# What is the implicit derivative of 1= xe^y-sin(xy) ?

Jun 28, 2017

$\frac{\mathrm{dy}}{\mathrm{dx}} = \frac{y \cos \left(x y\right) - {e}^{y}}{1 + \sin \left(x y\right) - x \cos \left(x y\right)}$

#### Explanation:

Write the equation as:

$x {e}^{y} = 1 + \sin \left(x y\right)$

and differentiate both sides with respect to $x$.

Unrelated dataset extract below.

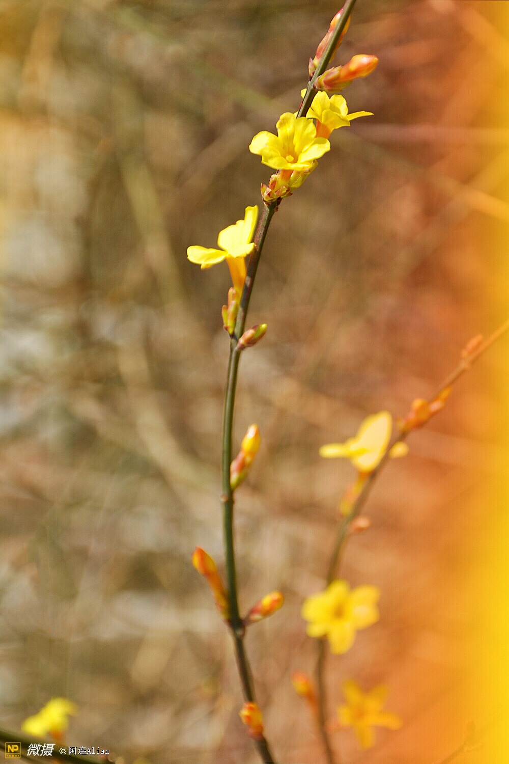 虽然迎春花是一种很常见的花,但因为俏也不争春,只把春来报的诗句,本人对迎春花有着别样的好感。

$\frac{d}{\mathrm{dx}} \left(x {e}^{y}\right) = \frac{d}{\mathrm{dx}} \left(1 + \sin \left(x y\right)\right)$

${e}^{y} + x y ' {e}^{y} = \cos \left(x y\right) \frac{d}{\mathrm{dx}} \left(x y\right)$

${e}^{y} + x y ' {e}^{y} = \cos \left(x y\right) \left(y + x y '\right)$

${e}^{y} + x y ' {e}^{y} = y \cos \left(x y\right) + x y ' \cos \left(x y\right)$

$x y ' {e}^{y} - x y ' \cos \left(x y\right) = y \cos \left(x y\right) - {e}^{y}$

$x y ' \left({e}^{y} - \cos \left(x y\right)\right) = y \cos \left(x y\right) - {e}^{y}$

$y ' = \frac{y \cos \left(x y\right) - {e}^{y}}{x \left({e}^{y} - \cos \left(x y\right)\right)}$

and substituting $x {e}^{y}$ from the original equation:

$y ' = \frac{y \cos \left(x y\right) - {e}^{y}}{1 + \sin \left(x y\right) - x \cos \left(x y\right)}$